■ Exercise description
Copy the lines below word for word, skipping any image.

*** Begin section ***

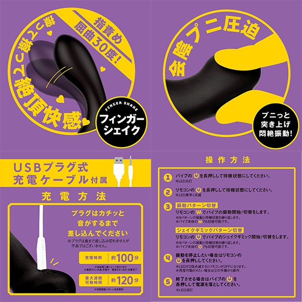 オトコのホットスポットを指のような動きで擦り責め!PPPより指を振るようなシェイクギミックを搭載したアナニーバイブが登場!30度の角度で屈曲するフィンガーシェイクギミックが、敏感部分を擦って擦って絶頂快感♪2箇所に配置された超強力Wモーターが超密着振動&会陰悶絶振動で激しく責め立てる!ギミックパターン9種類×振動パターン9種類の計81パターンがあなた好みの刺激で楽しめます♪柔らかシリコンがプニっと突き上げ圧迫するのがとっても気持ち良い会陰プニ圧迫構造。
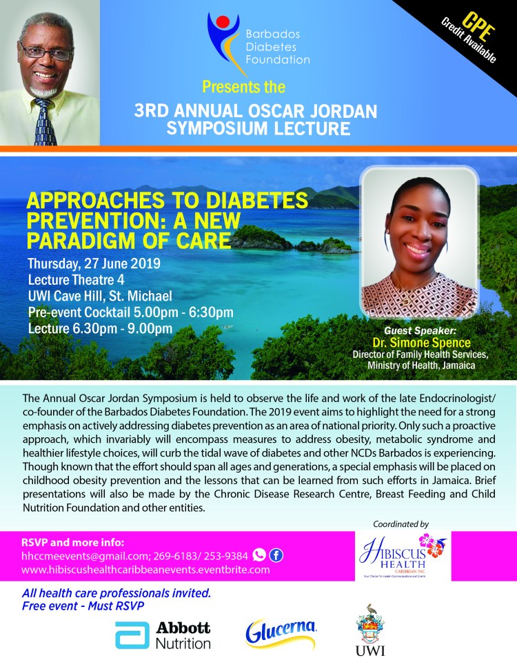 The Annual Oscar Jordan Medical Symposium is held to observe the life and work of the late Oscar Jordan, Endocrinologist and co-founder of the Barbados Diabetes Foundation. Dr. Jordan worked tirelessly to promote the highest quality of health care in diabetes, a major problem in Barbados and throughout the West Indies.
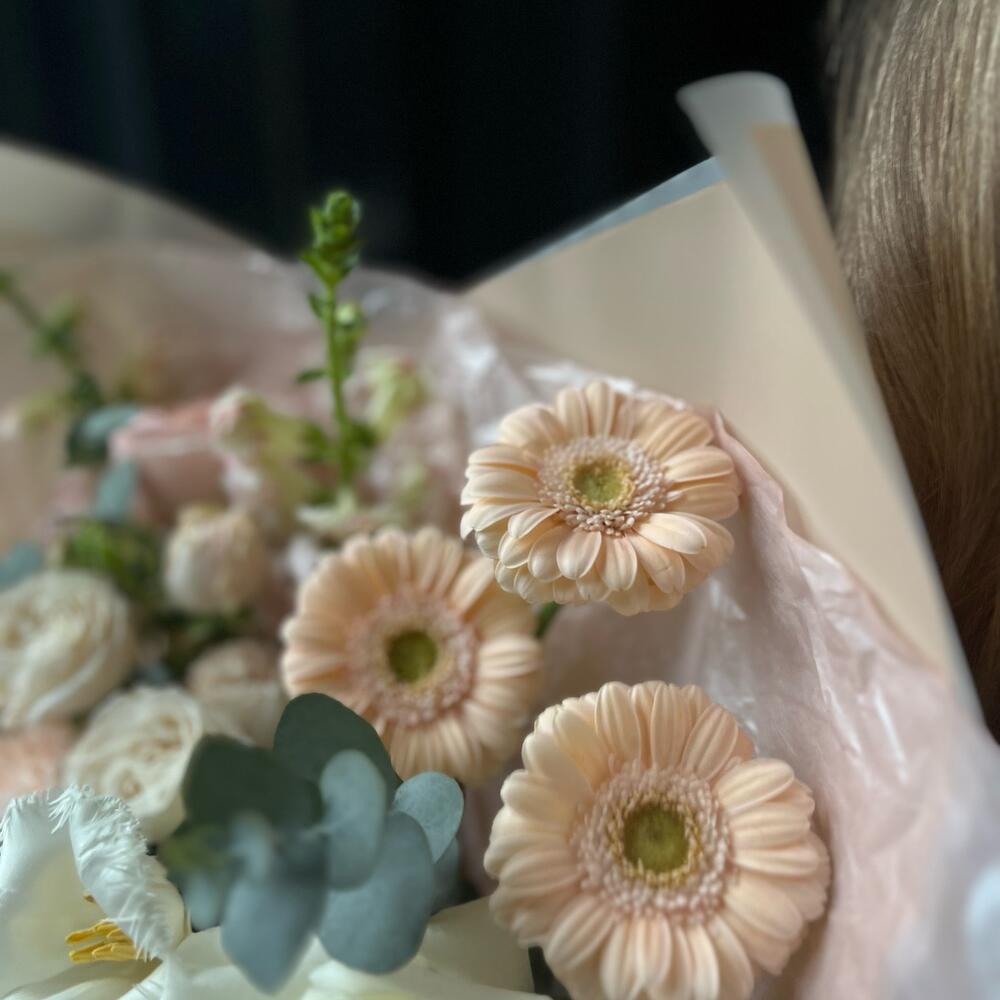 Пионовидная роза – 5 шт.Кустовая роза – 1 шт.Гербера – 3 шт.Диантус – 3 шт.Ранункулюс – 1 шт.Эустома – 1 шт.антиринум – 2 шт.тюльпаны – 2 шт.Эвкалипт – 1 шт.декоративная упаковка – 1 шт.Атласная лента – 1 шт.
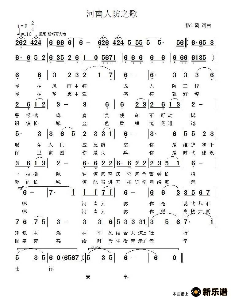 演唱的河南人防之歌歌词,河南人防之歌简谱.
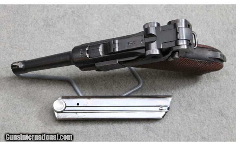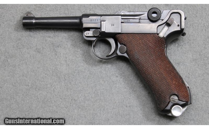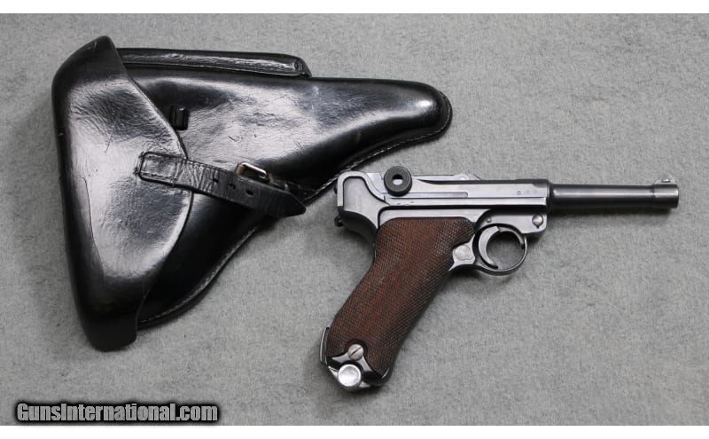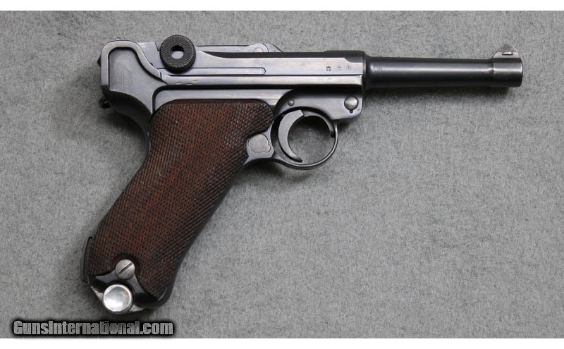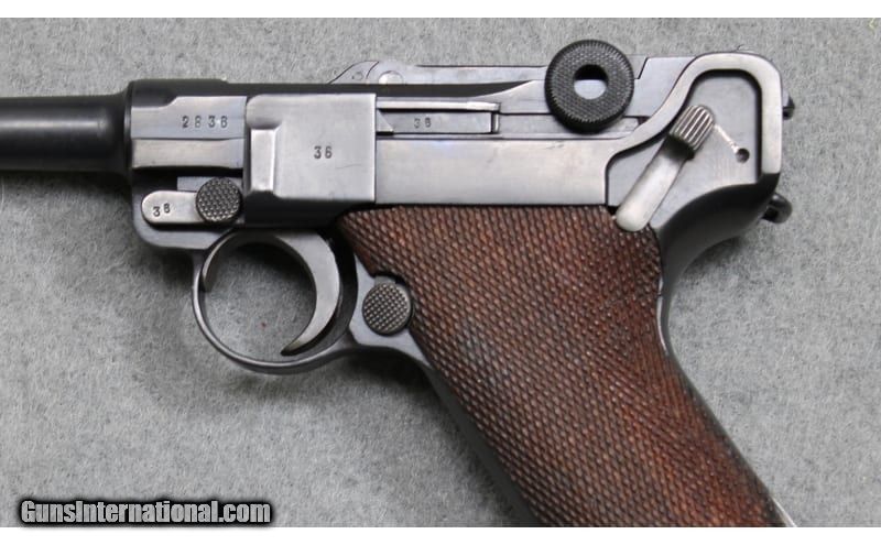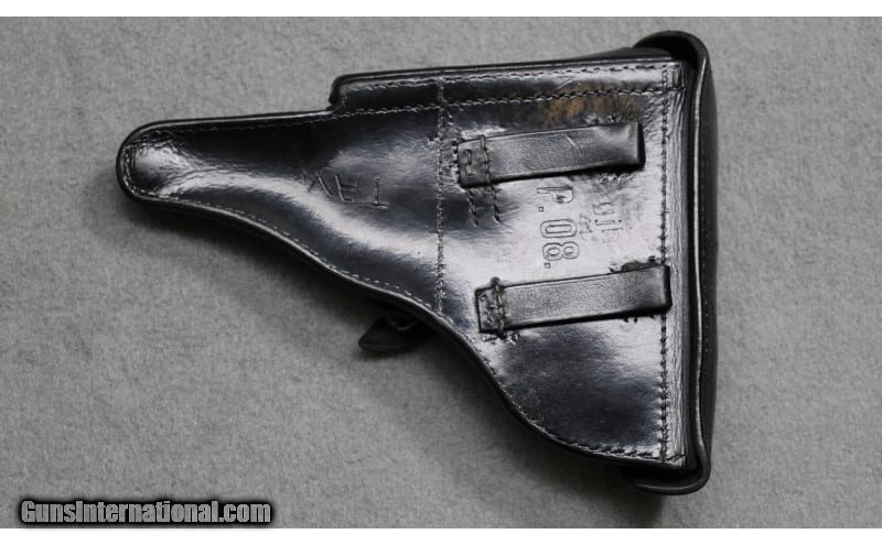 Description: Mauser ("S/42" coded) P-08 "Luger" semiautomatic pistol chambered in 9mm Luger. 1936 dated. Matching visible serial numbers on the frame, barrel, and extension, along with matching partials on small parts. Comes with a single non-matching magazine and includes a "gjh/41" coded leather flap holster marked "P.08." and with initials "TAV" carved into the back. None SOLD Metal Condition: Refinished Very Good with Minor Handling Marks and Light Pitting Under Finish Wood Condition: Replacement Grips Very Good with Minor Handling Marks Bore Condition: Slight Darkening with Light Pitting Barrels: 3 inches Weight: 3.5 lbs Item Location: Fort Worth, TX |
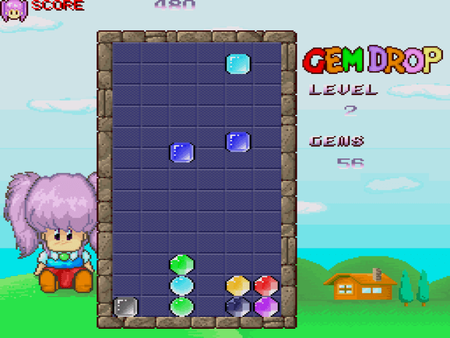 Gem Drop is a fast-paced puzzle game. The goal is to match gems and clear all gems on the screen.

*** End section ***

■ Problem solution
 オトコのホットスポットを指のような動きで擦り責め!PPPより指を振るようなシェイクギミックを搭載したアナニーバイブが登場!30度の角度で屈曲するフィンガーシェイクギミックが、敏感部分を擦って擦って絶頂快感♪2箇所に配置された超強力Wモーターが超密着振動&会陰悶絶振動で激しく責め立てる!ギミックパターン9種類×振動パターン9種類の計81パターンがあなた好みの刺激で楽しめます♪柔らかシリコンがプニっと突き上げ圧迫するのがとっても気持ち良い会陰プニ圧迫構造。
 The Annual Oscar Jordan Medical Symposium is held to observe the life and work of the late Oscar Jordan, Endocrinologist and co-founder of the Barbados Diabetes Foundation. Dr. Jordan worked tirelessly to promote the highest quality of health care in diabetes, a major problem in Barbados and throughout the West Indies.
 Пионовидная роза – 5 шт.Кустовая роза – 1 шт.Гербера – 3 шт.Диантус – 3 шт.Ранункулюс – 1 шт.Эустома – 1 шт.антиринум – 2 шт.тюльпаны – 2 шт.Эвкалипт – 1 шт.декоративная упаковка – 1 шт.Атласная лента – 1 шт.
 演唱的河南人防之歌歌词,河南人防之歌简谱.
 Description: Mauser ("S/42" coded) P-08 "Luger" semiautomatic pistol chambered in 9mm Luger. 1936 dated. Matching visible serial numbers on the frame, barrel, and extension, along with matching partials on small parts. Comes with a single non-matching magazine and includes a "gjh/41" coded leather flap holster marked "P.08." and with initials "TAV" carved into the back. None SOLD Metal Condition: Refinished Very Good with Minor Handling Marks and Light Pitting Under Finish Wood Condition: Replacement Grips Very Good with Minor Handling Marks Bore Condition: Slight Darkening with Light Pitting Barrels: 3 inches Weight: 3.5 lbs Item Location: Fort Worth, TX |
 Gem Drop is a fast-paced puzzle game. The goal is to match gems and clear all gems on the screen.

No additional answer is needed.